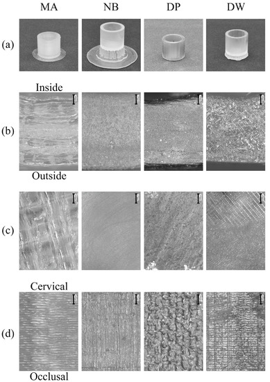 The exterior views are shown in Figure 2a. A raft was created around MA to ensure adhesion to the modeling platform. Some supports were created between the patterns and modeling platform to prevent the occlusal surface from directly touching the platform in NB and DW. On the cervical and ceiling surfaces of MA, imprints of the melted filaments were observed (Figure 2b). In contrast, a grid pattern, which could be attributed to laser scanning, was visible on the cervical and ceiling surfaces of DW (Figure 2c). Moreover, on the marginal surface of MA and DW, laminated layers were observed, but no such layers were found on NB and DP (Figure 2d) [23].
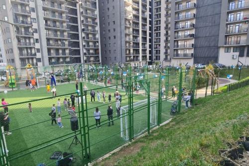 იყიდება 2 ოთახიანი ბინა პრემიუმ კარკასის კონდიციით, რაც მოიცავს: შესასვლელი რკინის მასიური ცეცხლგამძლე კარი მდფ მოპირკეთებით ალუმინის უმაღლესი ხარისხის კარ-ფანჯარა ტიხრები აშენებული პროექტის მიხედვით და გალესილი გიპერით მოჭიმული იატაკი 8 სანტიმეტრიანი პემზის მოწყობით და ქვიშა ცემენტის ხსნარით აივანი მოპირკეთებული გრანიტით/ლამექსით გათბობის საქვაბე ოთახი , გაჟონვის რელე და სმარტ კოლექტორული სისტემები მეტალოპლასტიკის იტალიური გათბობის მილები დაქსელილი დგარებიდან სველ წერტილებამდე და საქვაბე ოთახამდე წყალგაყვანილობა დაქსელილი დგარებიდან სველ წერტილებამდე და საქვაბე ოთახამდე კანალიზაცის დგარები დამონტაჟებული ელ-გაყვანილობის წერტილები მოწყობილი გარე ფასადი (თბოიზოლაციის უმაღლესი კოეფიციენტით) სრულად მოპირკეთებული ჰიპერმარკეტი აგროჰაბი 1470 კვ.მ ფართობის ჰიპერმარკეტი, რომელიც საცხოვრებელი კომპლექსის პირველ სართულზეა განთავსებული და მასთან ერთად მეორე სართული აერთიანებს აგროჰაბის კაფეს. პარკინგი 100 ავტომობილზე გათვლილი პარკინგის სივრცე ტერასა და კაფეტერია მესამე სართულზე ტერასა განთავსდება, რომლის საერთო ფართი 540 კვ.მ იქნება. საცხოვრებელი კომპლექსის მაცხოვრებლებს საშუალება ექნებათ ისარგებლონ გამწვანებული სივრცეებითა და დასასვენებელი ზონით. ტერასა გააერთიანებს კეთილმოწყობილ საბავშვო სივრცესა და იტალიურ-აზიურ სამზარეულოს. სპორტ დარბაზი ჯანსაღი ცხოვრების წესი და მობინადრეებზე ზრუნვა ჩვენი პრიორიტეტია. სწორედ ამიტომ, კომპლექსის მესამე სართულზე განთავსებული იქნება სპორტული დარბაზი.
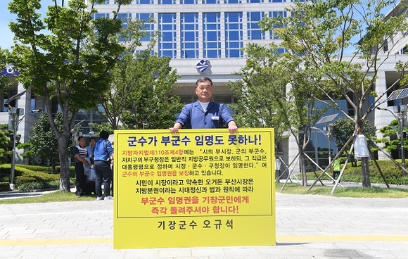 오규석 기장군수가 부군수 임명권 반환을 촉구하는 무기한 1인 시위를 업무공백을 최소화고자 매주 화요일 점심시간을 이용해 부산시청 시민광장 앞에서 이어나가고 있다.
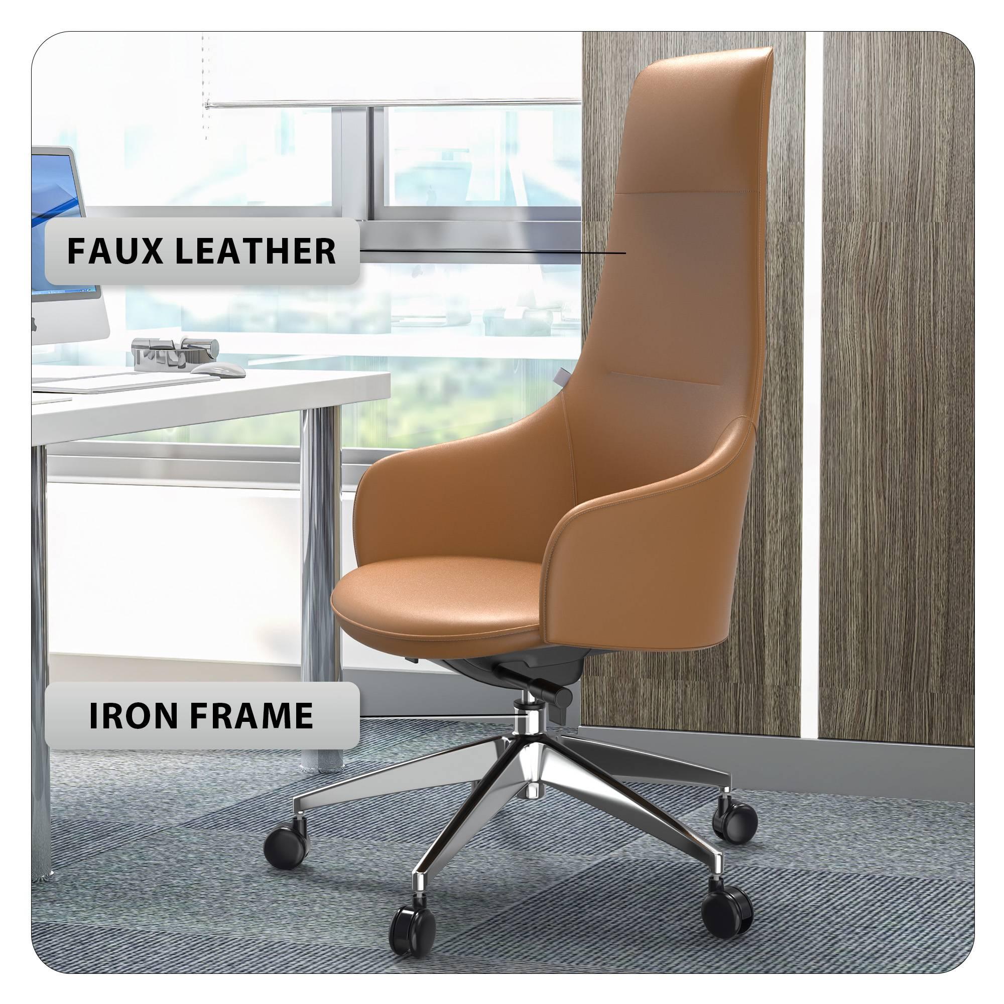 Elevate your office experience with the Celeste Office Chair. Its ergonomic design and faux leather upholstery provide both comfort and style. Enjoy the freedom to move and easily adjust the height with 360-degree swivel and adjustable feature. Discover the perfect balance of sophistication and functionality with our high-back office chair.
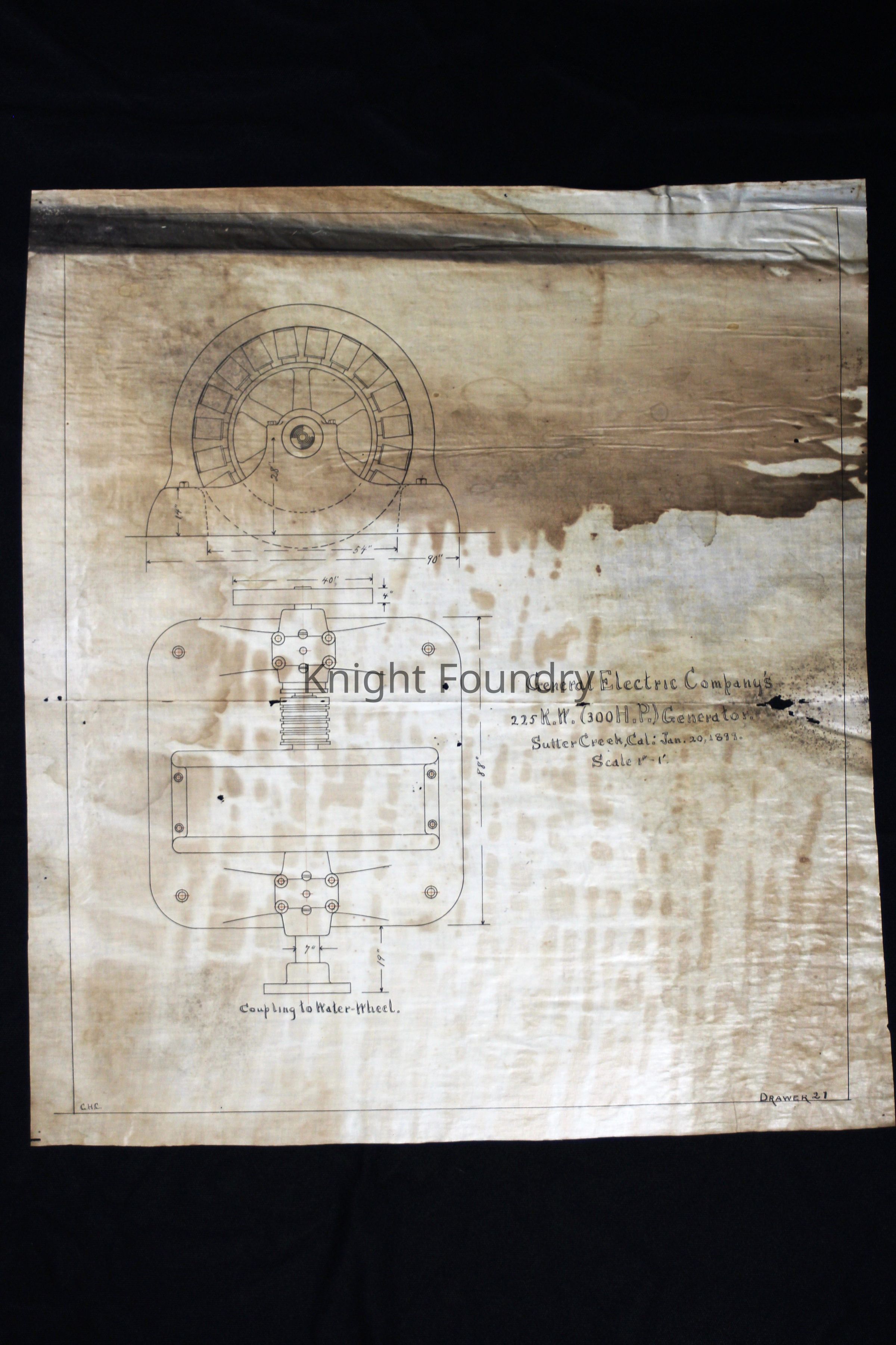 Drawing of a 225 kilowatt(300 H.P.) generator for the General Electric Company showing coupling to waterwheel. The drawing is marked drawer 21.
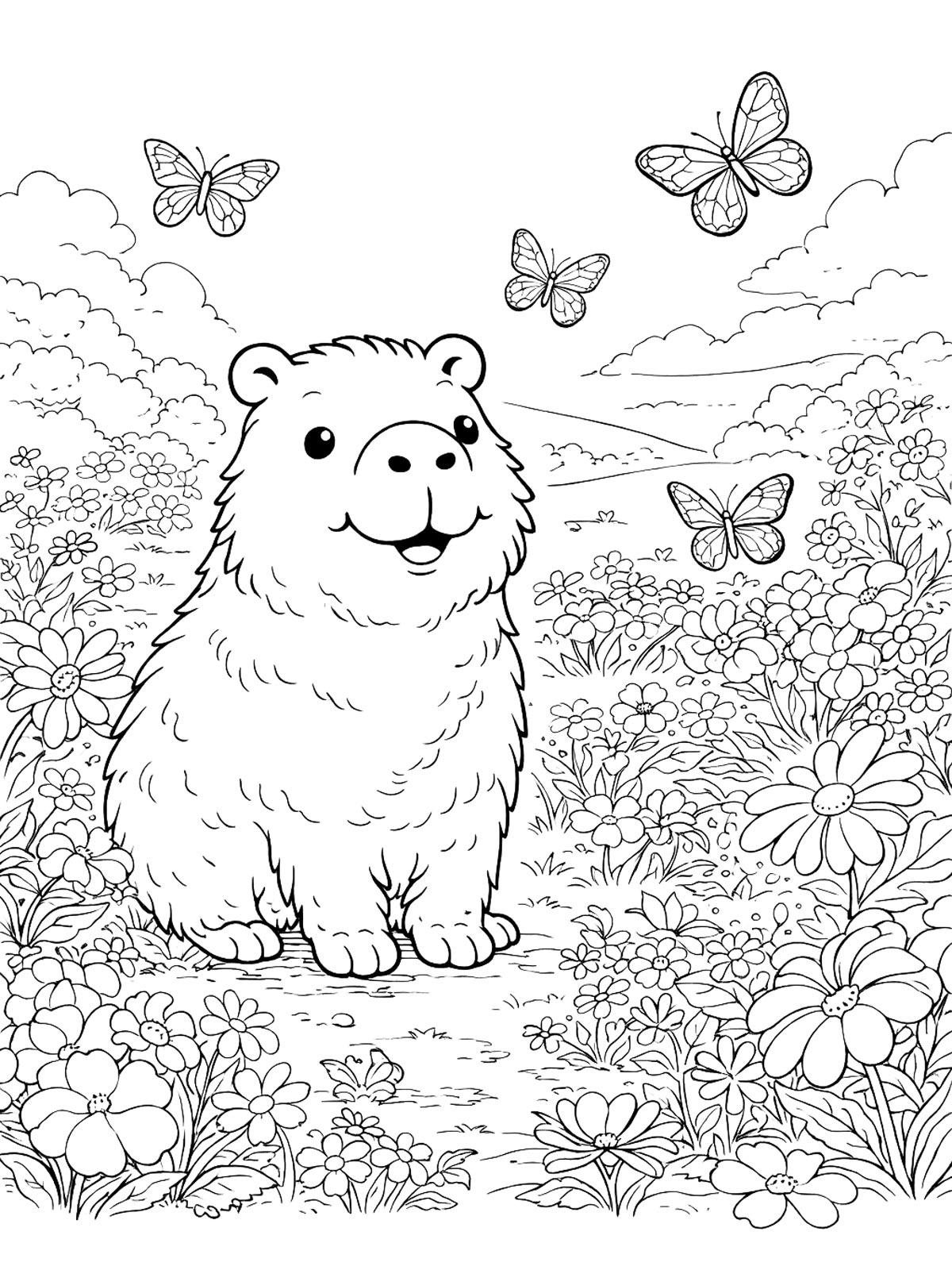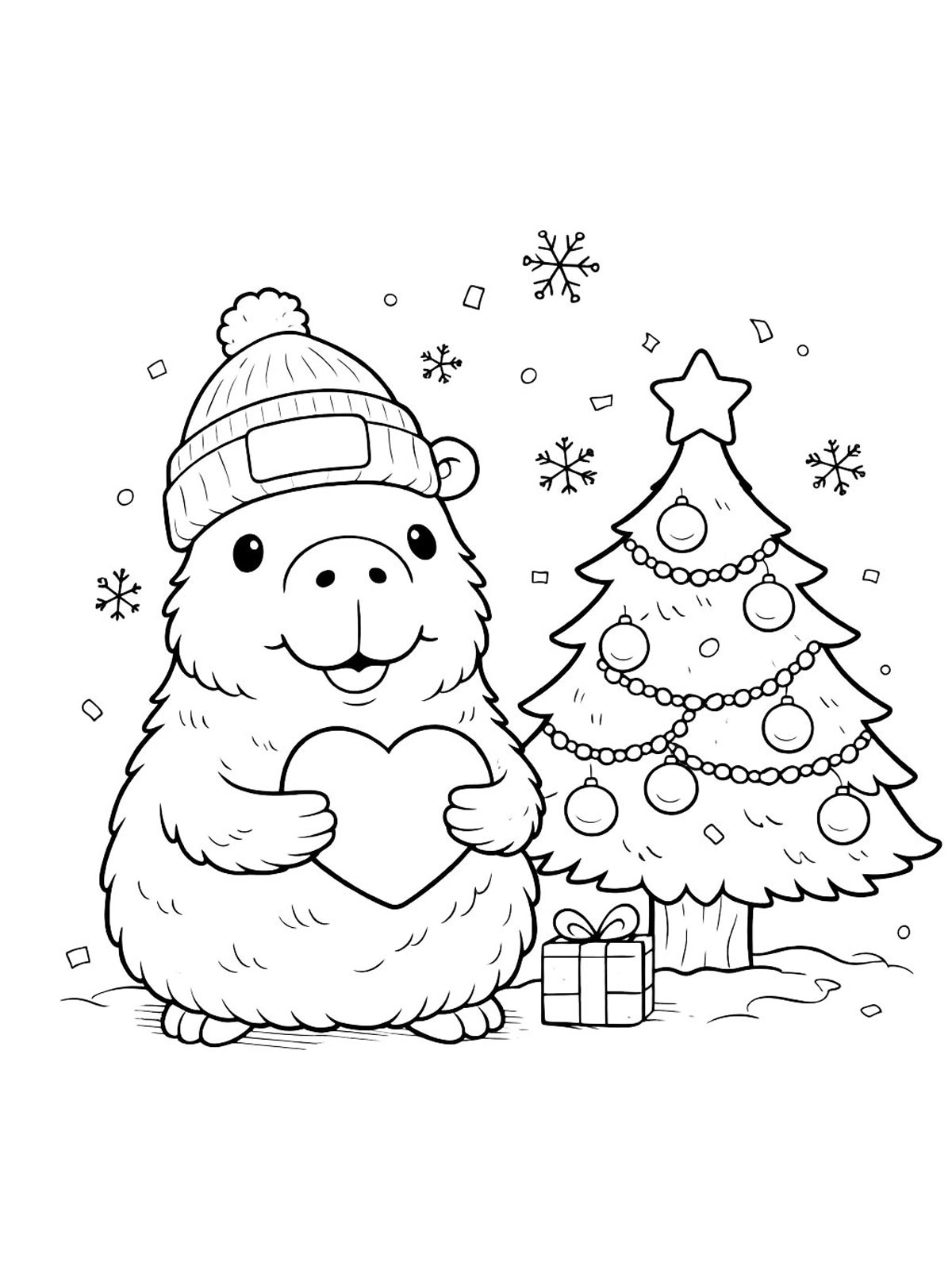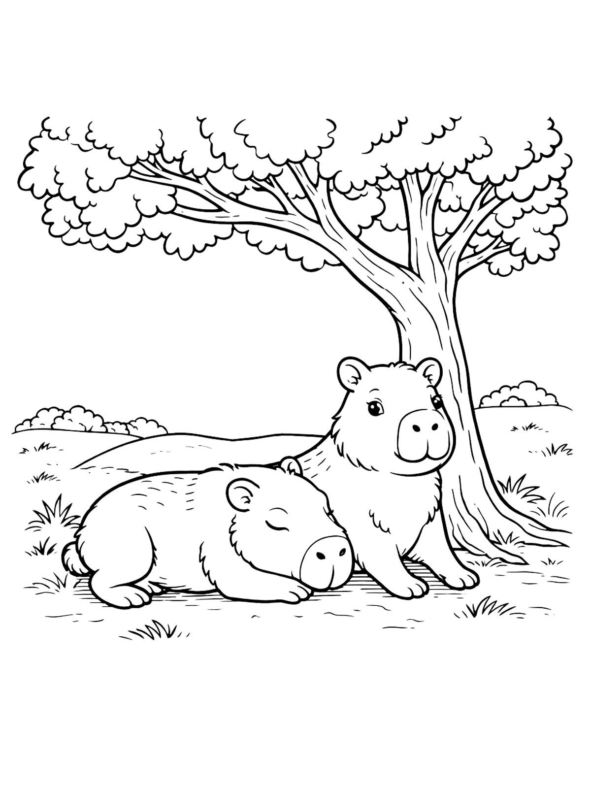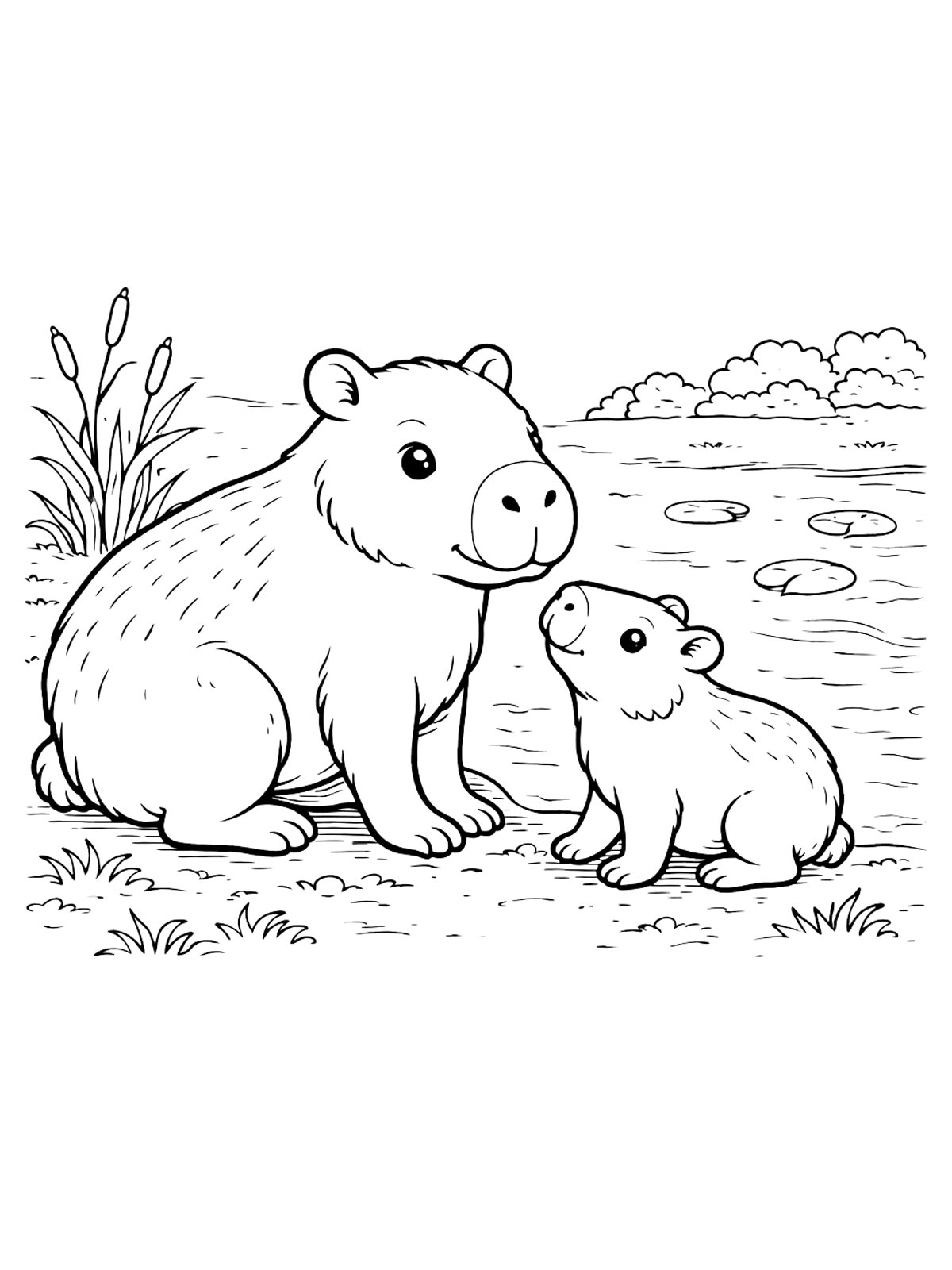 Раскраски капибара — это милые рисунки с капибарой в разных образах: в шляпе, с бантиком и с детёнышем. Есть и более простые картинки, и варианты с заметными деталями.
------------
#### [Exercise directions]
An exact restatement of the lines from the one holding "Elevate your office" through the end of the entries, both ends included, is the whole answer. Pictures stay out.

#### [Problem solution]
 Elevate your office experience with the Celeste Office Chair. Its ergonomic design and faux leather upholstery provide both comfort and style. Enjoy the freedom to move and easily adjust the height with 360-degree swivel and adjustable feature. Discover the perfect balance of sophistication and functionality with our high-back office chair.
 Drawing of a 225 kilowatt(300 H.P.) generator for the General Electric Company showing coupling to waterwheel. The drawing is marked drawer 21.
 Раскраски капибара — это милые рисунки с капибарой в разных образах: в шляпе, с бантиком и с детёнышем. Есть и более простые картинки, и варианты с заметными деталями.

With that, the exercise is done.